■ **Work request**: Could the listing below be returned exactly, with its pictures left out?

■ **Data records**:
═══

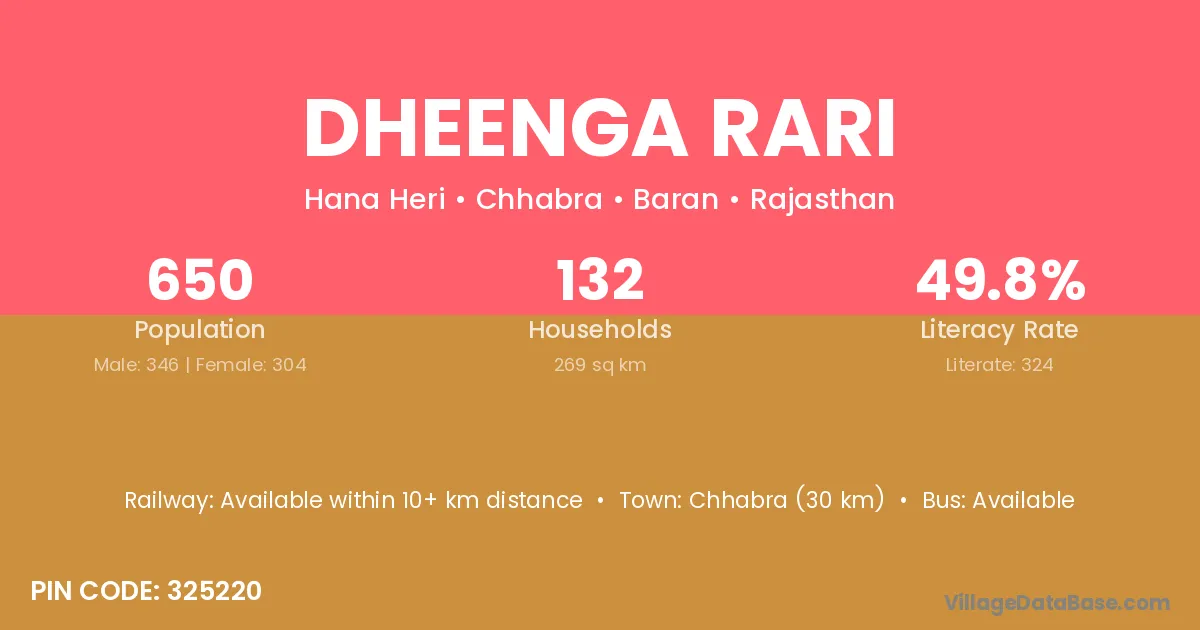 Dheenga Rari village has a total population of 650 people, of which 346 are males and 304 are females.
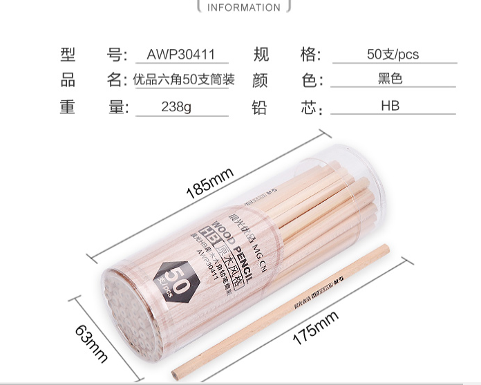 商品名称:晨光(M&G)文具经典HB木杆铅笔 原木学生铅笔 木质铅笔 50支/桶AWP30411
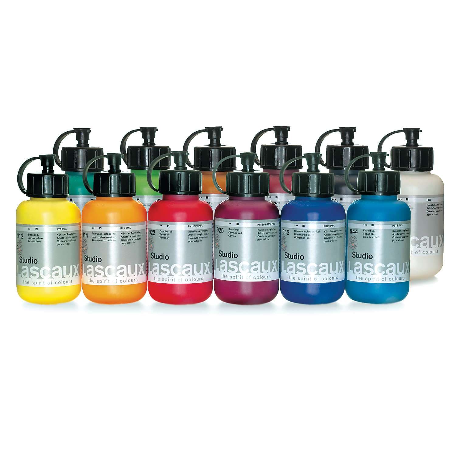 Lascaux Studio Artists' Acrylic Sets contain12 bottles of this high quality acrylic paint. It is ideal not only for artists but also for design and home decor purposes, and will adhere to almost any grease-free surface.
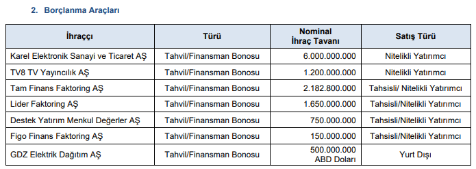 SPK’nın borçlanma aracı ihracını onayladığı şirketler:
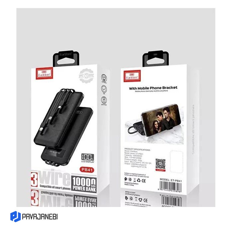 پاوربانک 10000 ارلدام مدل ET-PB41 از جمله محصولات ارلدام با کیفیت ساخت بالا است که امکانات ویژهای را ارائه میدهد. با داشتن 3 کابل متصل از نوع میکرو، لایتنینگ و تایپ سی، نیازی به کابل اضافه نخواهید داشت. میزان شارژ باقی مانده را میتوانید با کمک نمایشگر مشاهده کنید. همچنین این پاوربانک 10000 میلی آمپری دارای دکمهی خاموش و روشن نیز است.
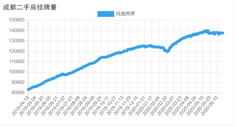 仅在贝壳平台,成都最新的挂牌量就已高达13.6万套,而2019年初仅为6万套。一年半时间,二手房挂牌量增长1.3倍,最近几个月每月新增房源3万套,而月成交不到1万套。

═══

■ **Exercise result**:
 Dheenga Rari village has a total population of 650 people, of which 346 are males and 304 are females.
 商品名称:晨光(M&G)文具经典HB木杆铅笔 原木学生铅笔 木质铅笔 50支/桶AWP30411
 Lascaux Studio Artists' Acrylic Sets contain12 bottles of this high quality acrylic paint. It is ideal not only for artists but also for design and home decor purposes, and will adhere to almost any grease-free surface.
 SPK’nın borçlanma aracı ihracını onayladığı şirketler:
 پاوربانک 10000 ارلدام مدل ET-PB41 از جمله محصولات ارلدام با کیفیت ساخت بالا است که امکانات ویژهای را ارائه میدهد. با داشتن 3 کابل متصل از نوع میکرو، لایتنینگ و تایپ سی، نیازی به کابل اضافه نخواهید داشت. میزان شارژ باقی مانده را میتوانید با کمک نمایشگر مشاهده کنید. همچنین این پاوربانک 10000 میلی آمپری دارای دکمهی خاموش و روشن نیز است.
 仅在贝壳平台,成都最新的挂牌量就已高达13.6万套,而2019年初仅为6万套。一年半时间,二手房挂牌量增长1.3倍,最近几个月每月新增房源3万套,而月成交不到1万套。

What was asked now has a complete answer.